One of the things I love most about my line of work is that it's largely quite accessible to smart people who aren't in my field. It's even accessible to people who aren't in academia at all. Sharing these things and getting people excited about the work is what makes me believe that what I'm doing is perhaps meaningful or worthwhile. And given the unrelenting pressure to produce new results at a constant (or accelerating) rate, this kind of support is like oxygen. In meeting so many new people during the past few weeks, I often got asked to describe my research. This is hard: I don't have a niche; I don't have a well-defined field. There is no obscure property of a complicated system that will bear my name, and there is no unifying framework that my work nicely fits inside of.

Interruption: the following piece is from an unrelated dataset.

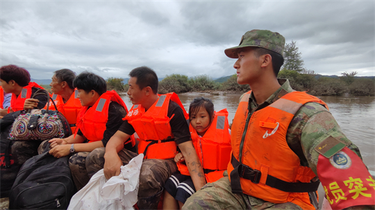 圖為北部戰(zhàn)區(qū)陸軍某旅黨員突擊隊(duì)在哈爾濱市五常市沙河子鎮(zhèn)大貴村利用沖鋒舟轉(zhuǎn)移受困群眾。王麒淞 攝
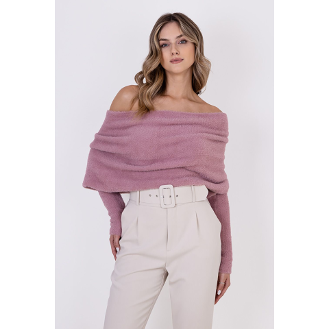 Pulóver Mkm MM-187204. Színe: Rózsaszín Csodálatosan puha, szálcsiszolt fonalból készült pulóver etolo, amely elegáns kiegészítője lesz az őszi/téli ruhatárának. Hordja hosszú ujjú borítópulóverként, csábító mély dekoltázzsal, vagy kössön csomókat az ujjakra, és varázsoljon belőle praktikus kendőt. Polyamid 100 % MéretEgész hossz L/XL180 cmS/M150 cm DP-MM-187204

So, I've used the term "research cowboy" to describe what I do, since my work bears rough similarities to riding into a town, solving some problems that no one else has solved yet, and then riding out of town before I get too comfortable. I should make the French surrealist painter Francis Picabia my patron, for having once uttered the words "One must be a nomad, traveling through ideas as one travels through countries and cities." This is exactly what I find so stimulating about academia, but if it can't support my habit for the long term, then ultimately, I'm going to want out. The only distinctions I see between fields like physics, chemistry, biology and geopolitics are those arising from our inability to sufficiently understand their similarities and their structure. The universe makes no distinction between these things, so why do we?
My advisor once said to me that being interdisciplinary is both easy and hard. On the one hand, there is often a lot more "low hanging fruit" (oh, how academics overuse that phrase) in interdisciplinary fields, but on the other, endemic ideological gravitation requires that is one is twice as smart, twice as rigorous and twice as good at explaining the relevance of one's results in order to be taken seriously by the fields one is jostling. There is no Nature or Physical Review Letters for interdisciplinary work, and there are no Departments of Interdisciplinary Research.
And so, I am worried about several things. I am worried that I don't have the endurance to keep up with the grueling work schedule that academic research entails. I am worried that I won't continue to have interesting things to say about the world in my ill-defined fields. And I am worried that because I am neither a physicist nor a computer scientist that I won't be able to find a job in either, or that whatever job I do end up finding won't provide me the flexibility that I need. If I can't be interdisciplinary, I can't keep working. Does anyone know of any openings for a Research Cowboy?